=== Data section ===

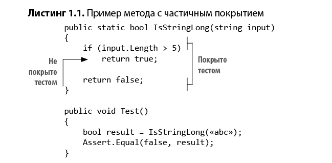 Рис. 1.5 показывает, как можно визуализировать эту метрику. Все возможные ветви в тестируемом коде представляются в виде графа, и вы проверяете, сколько из них были пройдены тестами. В IsStringLong таких путей два, а тест отрабатывает только один из них.
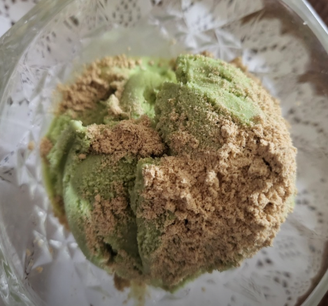 - 따뜻하게 구워진 쑥 와플 위에 콩가루를 듬뿍 뿌려줍니다.
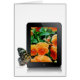Tree Nymph butterfly on an electronic tablet with an orange pansy photo for general birthday.

===

*Task item*:
Write out the listing word for word, omitting the pictures it holds.

*Solution below*:
 Рис. 1.5 показывает, как можно визуализировать эту метрику. Все возможные ветви в тестируемом коде представляются в виде графа, и вы проверяете, сколько из них были пройдены тестами. В IsStringLong таких путей два, а тест отрабатывает только один из них.
 - 따뜻하게 구워진 쑥 와플 위에 콩가루를 듬뿍 뿌려줍니다.
Tree Nymph butterfly on an electronic tablet with an orange pansy photo for general birthday.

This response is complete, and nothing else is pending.